A A::operator=(const A& a)
{
    if (this == &a)
    {
        return *this;
    }
    param = a.param;
    return *this;
}
7
There's no such requirement. But if you want to stick to the principle of least surprize you'll return A& just like a=b is an lvalue expression referring to a in case a and b are ints.sellibitze
@MattMcNabb Thank you for letting me know! Will do thatbks
Why cant we return A* from the copy assignment operator I guess the chaining assignment would still work properly. Can anyone help understand the perils of returning A* if there are any.Krishna Oza
Note: Since C++11 there is also the move-assignment operator, all the same logic in this Q & A also applies to the move-assignment operator. In fact they could both be the same function if declared as A & operator=(A a);, i.e. taking the argument by value.M.M
@Krishna_Oza The real question is why you want to return a pointer. Think about how ugly and ambiguous code for operator overloading and returning would be if we only had pointers - in key cases, fatally ambiguous (also: fatally ugly). And then just read the language's creator's own words about all this: stackoverflow.com/questions/8007832/…underscore_d

7 Answers

73
votes

Strictly speaking, the result of a copy assignment operator doesn't need to return a reference, though to mimic the default behavior the C++ compiler uses, it should return a non-const reference to the object that is assigned to (an implicitly generated copy assignment operator will return a non-const reference - C++03: 12.8/10). I've seen a fair bit of code that returns void from copy assignment overloads, and I can't recall when that caused a serious problem. Returning void will prevent users from 'assignment chaining' (a = b = c;), and will prevent using the result of an assignment in a test expression, for example. While that kind of code is by no means unheard of, I also don't think it's particularly common - especially for non-primitive types (unless the interface for a class intends for these kinds of tests, such as for iostreams).

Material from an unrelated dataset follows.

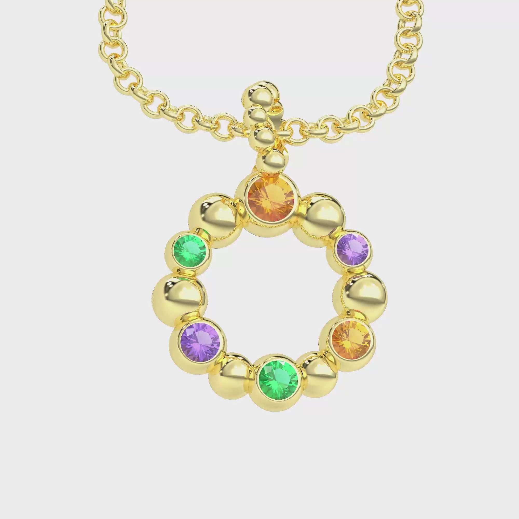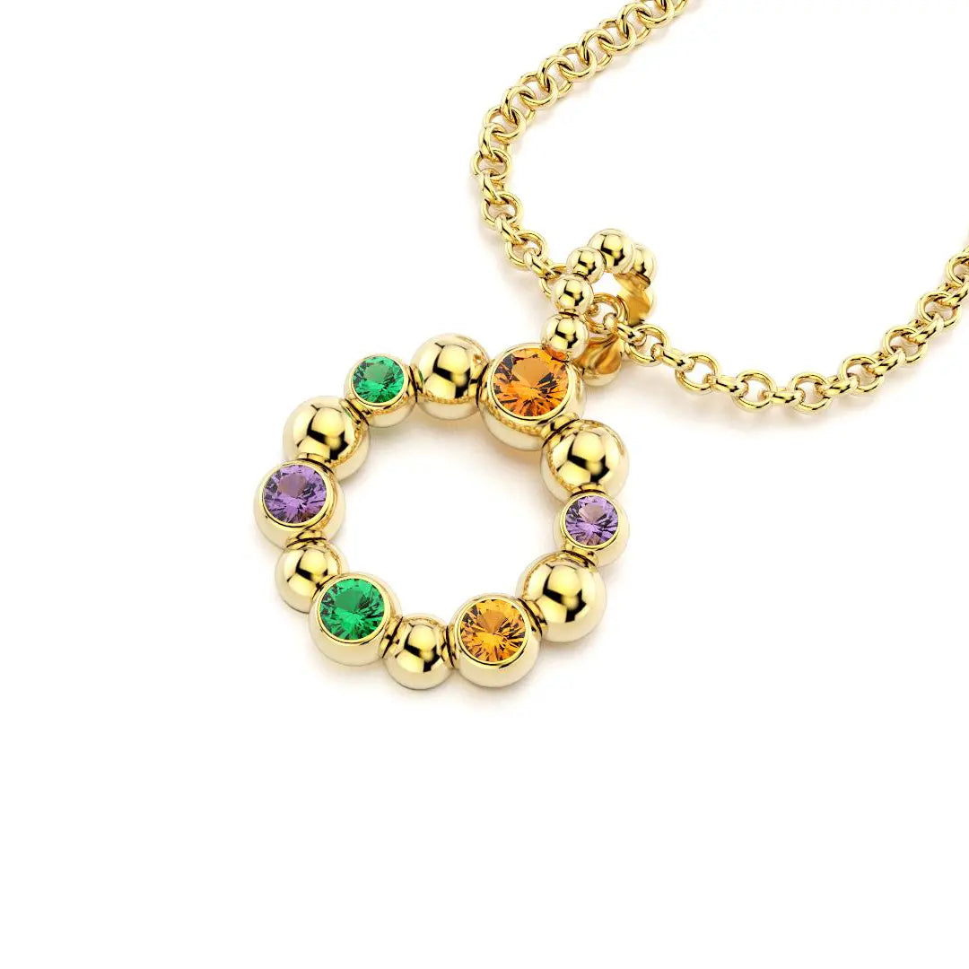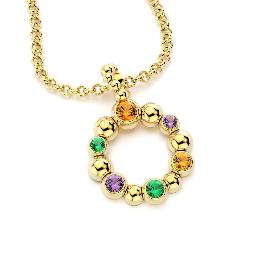 Collier Volga Or jaune 18 Carats - Grenats mandarins, Saphirs violets et Émeraudes

I'm not recommending that you do this, just pointing out that it's permitted and that it doesn't seem to cause a whole lot of problems.

These other SO questions are related (probably not quite dupes) that have information/opinions that might be of interest to you.

64
votes

A bit of clarification as to why it's preferable to return by reference for operator= versus return by value --- as the chain a = b = c will work fine if a value is returned.

If you return a reference, minimal work is done. The values from one object are copied to another object.

However, if you return by value for operator=, you will call a constructor AND destructor EACH time that the assignment operator is called!!

So, given:

A& operator=(const A& rhs) { /* ... */ };

Then,

a = b = c; // calls assignment operator above twice. Nice and simple.

But,

A operator=(const A& rhs) { /* ... */ };

a = b = c; // calls assignment operator twice, calls copy constructor twice, calls destructor type to delete the temporary values! Very wasteful and nothing gained!

In sum, there is nothing gained by returning by value, but a lot to lose.

(Note: This isn't meant to address the advantages of having the assignment operator return an lvalue. Read the other posts for why that might be preferable)

10
votes

When you overload operator=, you can write it to return whatever type you want. If you want to badly enough, you can overload X::operator= to return (for example) an instance of some completely different class Y or Z. This is generally highly inadvisable though.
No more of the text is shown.